Altogether, these trends demonstrate that the local electronic structure of bioactive sol–gel glasses is not static but highly responsive to both the chemical complexity of the synthesis medium and post-synthetic thermal evolution. The observed shifts in core-level energies, changes in peak symmetry, and deconvolution patterns reflect a complex interplay of local coordination geometry, electronic relaxation dynamics, and ion-mediated structural reorganization. These effects are rooted in fundamental physical interactions, such as Coulombic attraction, orbital hybridization, and photoelectron screening, which govern the chemical state sensitivity of XPS.
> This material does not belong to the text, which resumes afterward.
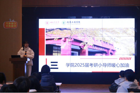 2024年12月5日下午,为缓解考研学子的备考压力,增强他们的考试信心,化学工程学院在江安校区西园22舍礼堂举办了“温暖相伴 研途灿烂”——2025届化工学子考研行前动员大会,出席本次活动的嘉宾有学院党委副书记姜利寒、2021级辅导员李珍珍和付率以及2025届考研小导师。活动由李珍珍老师主持。
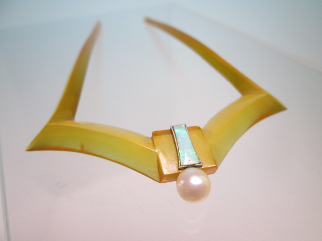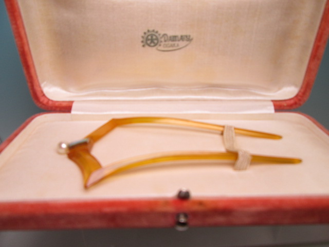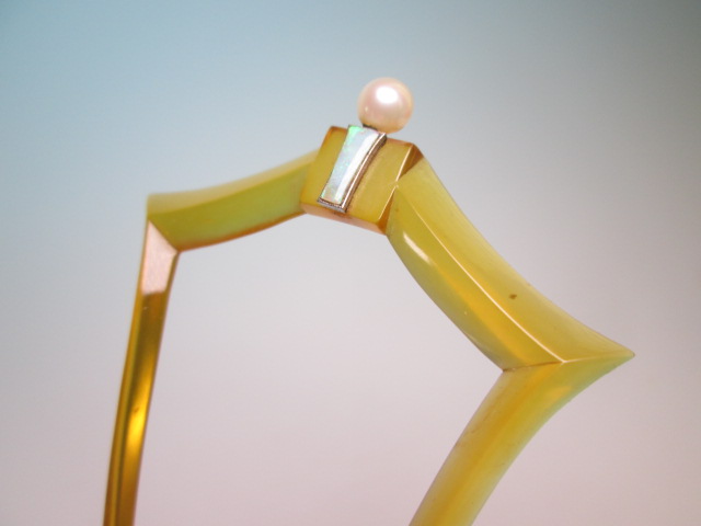 【江月】 アンティーク・大丸 本鼈甲 オパール&本真珠飾りの繊細なかんざし 共ケース付

This multi-level spectroscopic insight reveals that natural waters, far from being inert solvents, act as active structural agents that shape the glass network at the atomic scale, reinforcing the potential of environmentally integrated sol–gel routes for fine-tuning surface reactivity in bioactive glasses.

A condensed summary of the core-level observations and structural implications for selected samples is presented in Table 6, integrating compositional and processing parameters with XPS-based interpretations.

4. Conclusions

This study demonstrates that the substitution of ultrapure water with geothermal waters in the sol–gel synthesis of bioactive glasses significantly alters the structural and chemical characteristics of the final material. High-resolution XPS revealed that:

• The presence of multivalent trace elements in waters such as Água Prata and Água Azeda leads to local rearrangements in the silicate and phosphate networks.
• Thermal treatment enhances network consolidation, reducing hydroxylation and promoting Q⁴-like domains.
• Modifier ions introduced via mineral waters can replace native Na⁺ and Ca²⁺, leading to complex surface chemistries that potentially enhance bioactivity.

These findings support the use of geothermal waters as eco-functional synthesis media, offering a route to tailor glass properties through natural ionic environments without the need for synthetic additives. Future studies may explore the biological responses to these materials to validate their functional performance in regenerative applications.